High-deductible health plans are supposed to encourage consumers to shop around for cheaper health care services or put money away to pay for what they need. But it's not working that way, according to a new study published in JAMA Internal Medicine by a team from the University of Michigan Institute for Healthcare Policy and Innovation.
An Insurance Journal report says that even though such plans are becoming more common, workers with high-deductible health plans aren’t taking any of the actions one might expect them to take—from actually putting money into an HDHP savings account to checking for the best prices to trying to negotiate better rates, or even just talking to their doctors about costs. And even when they do, they’re not getting the help they need.
“Most Americans in HDHPs are not doing things that can help them get the care they need at the lowest possible cost, and even those who are doing so could realize more benefits,” Jeffrey Kullgren, M.D., M.S., M.P.H., an assistant professor of general medicine at U-M and lead author of the study, says in the report.
According to the Centers for Disease Control and Prevention, more than 40 percent of American adults have an HDHP. Such plans require individuals to pay at least the first $1,300 of their own costs and families the first $2,600, and are usually offered with a tax-protected health savings account aimed at providing a place for people to save for future health care expenses.
But they’re not working that way.
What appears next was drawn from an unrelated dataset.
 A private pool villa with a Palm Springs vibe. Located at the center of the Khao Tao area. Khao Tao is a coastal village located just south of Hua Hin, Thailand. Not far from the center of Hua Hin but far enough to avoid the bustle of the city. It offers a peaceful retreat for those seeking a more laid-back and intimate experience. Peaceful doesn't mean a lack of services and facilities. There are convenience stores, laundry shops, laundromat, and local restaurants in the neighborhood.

Even though their advocates say that such plans are a way to give patients “skin in the game” and make them play a more active role in keeping costs down for their own care, researchers say that many people aren’t pursuing “consumer” behaviors such as saving, negotiating costs with providers and researching quality ratings—even among patients with chronic health conditions.
And the disconnects are pretty big. For instance, overall, 58 percent of poll participants said they had an account to put aside money for medical expenses, including HSAs. But only 40 percent of the entire sample had actually saved any money in those accounts. Just 25 percent had talked to a healthcare provider about the cost of a service, and a scant 14 percent had compared prices for the same service or product, or the quality ratings for different providers.
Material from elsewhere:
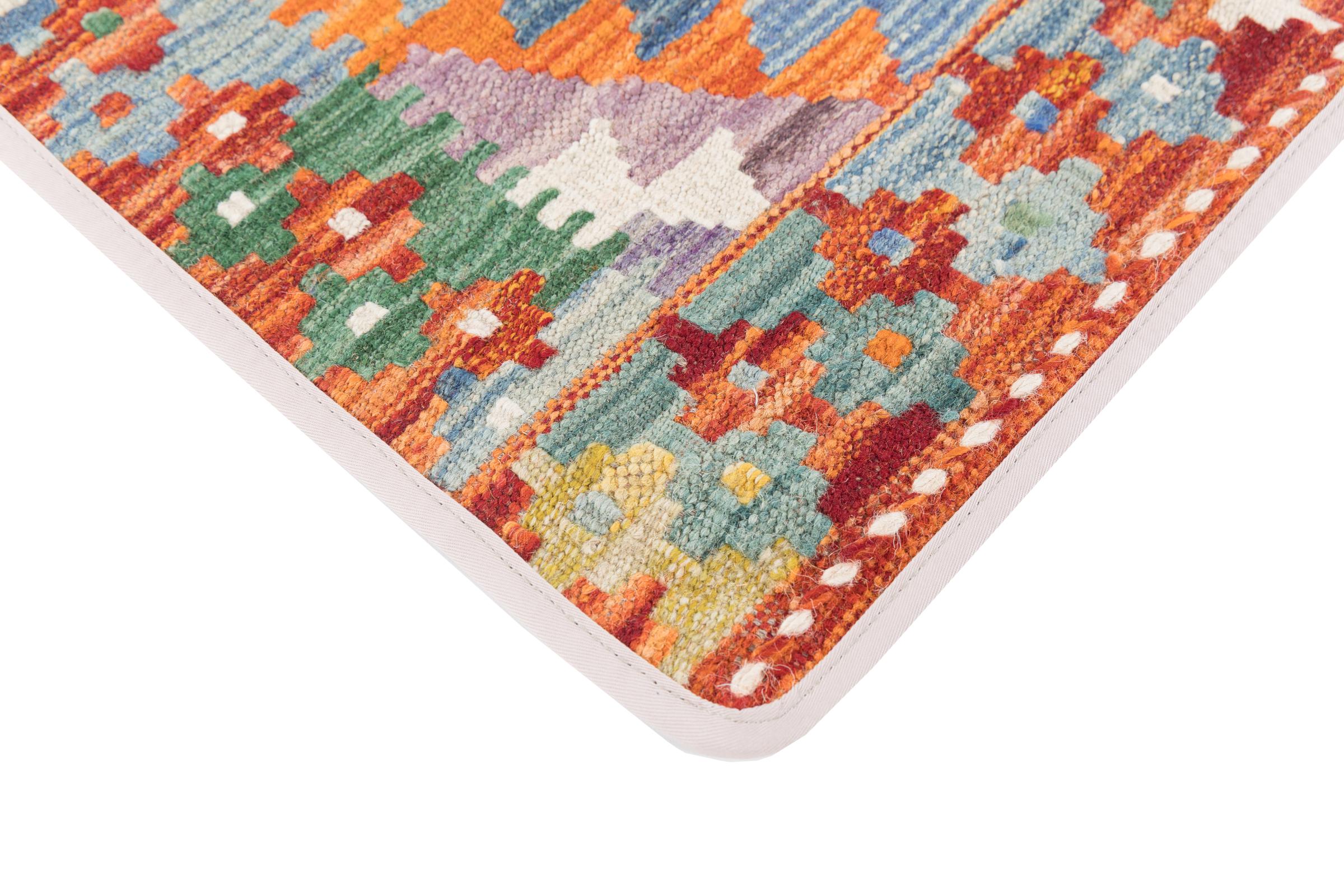 Dieser handgewebte Kelim Afghan ist dank der facettenreichen Farben und des typischen Musters wunderschön. Er wurde in Afghanistan aus 100% Schafswolle von Hand gewebt. Robuster und langlebiger als maschinell produzierte Teppiche ist er dadurch ohne Zweifel. Zudem besitzt dieser Kelim einen ganz eigenen Charakter. Ein Unikat für Sie und ihr Zuhause, das Sie genau so nicht wieder finden werden.

Fewest of all were the brave souls who tried to bargain on prices; only 6 percent had tried to negotiate the price of a health care service, either in advance or after they received a bill for a service they’d received.
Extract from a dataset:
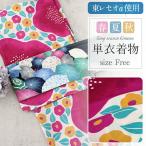 浴衣 着物 洗える 単衣 セオアルファ 夏着物 裄丈68 薄物 セオα 日本製 単品 き和風館 白地に赤紫 水色 黄色系 椿 セオα

Even more discouraging, just 45 percent of those who had compared prices said it had actually helped them pay less for a service. Among those who had talked to a provider about cost, two-thirds had done it for prescription medicines, but only 45 percent said that having done so had helped them get care they needed.
In the report, Kullgren notes that other research indicates that people in HDHPs often use less health care than people with other types of insurance. But—and it’s a big but—they also use less of the care that might be most effective for them, as well as less-effective care that they probably don’t need.
The researchers conclude that health care providers, insurers and employers could do more to help people in HDHPs, such as providers helping patients to understand possible future needs for which they should save; health care facilities making prices available at the point of care so that patients and providers can talk about cost; and employers offering HDHPs providing more than just price information so that employees learn how to use this information when making decisions.